The = notation might be the more common one and is even used in papers by world-renowned computer scientists. Additionally, it is often the case that in a casual setting, people will say O(...) when they mean Ɵ(...); this is technically true since the set of things Ɵ(exactlyThis) is a subset of O(noGreaterThanThis)... and it's easier to type. ;-)

Answer 2

Simplest way to look at it (in plain English)

We are trying to see how the number of input parameters, affects the running time of an algorithm. If the running time of your application is proportional to the number of input parameters, then it is said to be in Big O of n.

The above statement is a good start but not completely true.

A more accurate explanation (mathematical)

Suppose

n=number of input parameters

T(n)= The actual function that expresses the running time of the algorithm as a function of n

c= a constant

f(n)= An approximate function that expresses the running time of the algorithm as a function of n

Then as far as Big O is concerned, the approximation f(n) is considered good enough as long as the below condition is true.

lim     T(n) ≤ c×f(n)
n→∞

The equation is read as As n approaches infinity, T of n, is less than or equal to c times f of n.

If the above equation is true, then the running time of the algorithm is said to be in Big Oh of n

In big O notation this is written as

T(n)∈O(n)

This is read as T of n is in big O of n.

Back to English

Based on the mathematical definition above, if you say your algorithm is a Big O of n, it means it is a function of n (number of input parameters) or faster. If your algorithm is Big O of n, then it is also automatically the Big O of n square.

Big O of n means my algorithm runs at least as fast as this. You cannot look at Big O notation of your algorithm and say its slow. You can only say its fast.

Check this out for a video tutorial on Big O from UC Berkley. It is actually a simple concept. If you hear professor Shewchuck (aka God level teacher) explaining it, you will say "Oh that's all it is!".

Answer 3

What is a plain English explanation of “Big O” notation?

I would like to stress that the driving motive for “Big O” notation is one thing, when an input size of algorithm gets too big some parts (i.e constants, coefficients, terms )of the equation describing the measure of the algorithm becomes so insignificant that we ignore them.
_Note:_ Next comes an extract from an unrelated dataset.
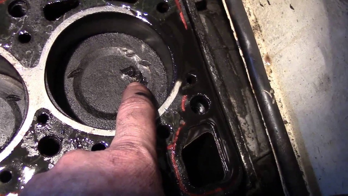 - Выполняется диагностика цилиндра. Поршень следует опустить в НМТ и осмотреть стенки на присутствие трещин;

The parts of equation that survives after ignoring some of its parts is termed as the “Big O” notation of the algorithm.

So if the input size is NOT too big the idea of “Big O” notation( upper bound ) will be unimportant.

Lets say you want to quantify the performance of the following algorithm

int sumArray (int[] nums){
    int sum=0;   // here we've 1 operation
    for(int i=0; i < nums.length;i++){   // we've n times
        sum += nums[i]; // taking initialization and assignments, 3 ops
    }
    return sum;
}

In above algorithm, let's say you find out T(n) as follows (time complexity):

T(n) = 3*n + 2

To find its “Big O” notation, we need to consider very big input size:

n= 1,000,000   -> T(1,000,000) = 3,000,002
n=1,000,000,000  -> T(1,000,000,000) = 3,000,000,002
n=10,000,000,000  -> T(10,000,000,000) = 30,000,000,002

Lets give this similar inputs for another function F(n) = n

n= 1,000,000   -> F(1,000,000) = 1,000,000 
n=1,000,000,000  -> F(1,000,000,000) = 1,000,000,000
n=10,000,000,000  -> F(10,000,000,000) = 10,000,000,000

As you can see as input size get too big the T(n) approximately equal to or getting closer to F(n), so the constant 2 and the coefficient 3 are becoming too insignificant, now the idea of Big O” notation comes in,

O(T(n)) = F(n)
O(T(n)) = n

We say the big O of T(n) is n, and the notation is O(T(n)) = n, it is the upper bound of T(n) as n gets too big. the same step applies for other algorithms.

Answer 4

It shows how an algorithm scales based on input size.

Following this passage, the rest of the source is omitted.